Challenges:
Yossef Levi, CISO at Mesh, needed complete visibility into applications and workloads but refused to consider agent-based solutions.
Omri Vaizman, senior cloud security engineer at Mesh, wanted a tool that would bring together the context required to triage potential risks.
Mesh sought a security partner that could assist their upcoming shift to containers.
Solutions:
Wiz agentlessly discovers and scans everything in the cloud, even the workloads DevOps doesn’t want anyone to know about.
Wiz automatically correlates evidence from every layer of the tech stack, allowing cloud security engineers to write accurate tickets for devs.
Wiz offers a full-fledged Kubernetes Security Posture Management solution to protect Mesh's containerized environment.
Mesh empowers finance managers by presenting unparalleled visibility, equipping them with the tools they need to optimize and control corporate payments. This transforms the way finance teams operate, giving them a centralized and automated spend management platform that provides maximum flexibility while saving time and effort at every step of the payment journey.
Wiz offers unparalleled visibility in minutes
Founded by Oded Zehavi and Eran Katoni in 2018, Mesh has been cloud-native from day one, building its applications in AWS. Yossef Levi, Mesh’s CISO since 2022, knew when he joined that protecting Mesh’s cloud computing infrastructure would require a similarly forward-thinking security product. “Agent-based solutions simply don’t work in the cloud.”
As he and his team compared cloud-native security tools, Wiz stood out because it actually delivered what its PR promised.

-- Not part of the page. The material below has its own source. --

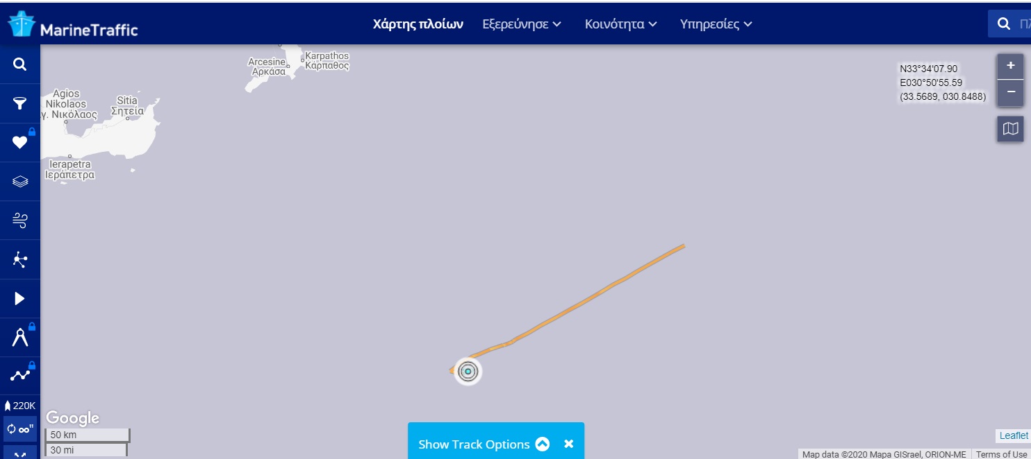 Λίγο πριν φτάσει στα δυτικά όρια της παράνομης τουρκικής NAVTEX, το ερευνητικό πλοίο Oruc Reis άλλαξε πορεία και κατευθύνεται προς τα ανατολικά.

Levi and his team were surprised by how quickly and easily they were able to connect Wiz to their cloud environment, and they were blown away by the total visibility that Wiz immediately provided: “It was hard to believe that after only two or three clicks we received so much information”.
Depth and flexibility put security engineers in control and keep devs coding
Now that Mesh has been using Wiz for more than a year, Omri Vaizman, senior cloud security engineer, does almost all his daily work in Wiz. “Other than email, it’s the first thing I open every day. Wiz has all the information I need to do my job. And it even has built-in dark mode!” He is especially impressed by the wide variety of integrations that Wiz supports and the flexibility this gives him around alerting and automation.
Other security tools seem like they’re trying to suck you in because they force you to log in to receive alerts; Wiz lets me do basically anything I want with Slack, webhooks, the Wiz API, etc. I have complete control.
Omri VaizmanSenior Cloud Security Engineer, Mesh
This flexibility magnifies the impact of Mesh’s security team. In order to free their colleagues in R&D from getting distracted by too many details, Levi and Vaizman perform their own initial investigation and validation of Issues detected by Wiz before sending tickets to developers. The depth and breadth of the information that Wiz assembles for them makes this triage process super smooth, improving the quality while reducing the quantity of tickets they need to hand off to their colleagues.
Wiz lets me tell the developers ‘Fix this package, in that repo, on those VMs.’ All they have to do is fix it, then they get back to work.
Omri VaizmanSenior Cloud Security Engineer, Mesh
On more than a few occasions, Wiz has identified vulnerable packages that the developers’ own tools missed, and the evidence that Wiz automatically assembled allowed Levi and Vaizman to convince their skeptical colleagues in minutes.
Wiz automatically identifies new resources and new risks
Vaizman and Levi work closely with their colleagues in DevOps, sometimes with comical results. Once, when a particularly vulnerable EC2 instance was accidentally spun up, Wiz scanned it and generated an alarming number of critical and high-severity Issues almost immediately. “When I went to DevOps and asked them what was going on with that machine, they were shocked I even knew about it. They had already taken it down. But not before Wiz caught it and scanned it.”
In addition, the large number of granular user roles that Wiz offers allows Levi and Vaizman to grant their colleagues in DevOps direct access to Wiz. This gives everyone at Mesh a common language to analyze cloud security risks and prioritize remediation efforts, reducing their mean time to respond (MTTR).
Mesh embraces containerization
Perhaps the most impactful aspect of the relationship between Wiz and Mesh is yet to come: containerization.
Wiz offers a rich array of features that allow Kubernetes clusters to be inspected, analyzed, and protected in much the same way that Wiz assesses other compute workloads. To Wiz, Kubernetes is just another cloud. As the DevOps team at Mesh engages with R&D to more fully embrace containerization, Vaizman and Levi are ready and waiting to connect Wiz to every cluster. As Levi puts it, “Wiz’s existing features, their roadmap, and their CISO club are showing us how we should build a world-class security program”.
Levi has a simple message for his fellow CISOs: “Modern cloud environments are too complex and dynamic. Without Wiz, you’re lost.”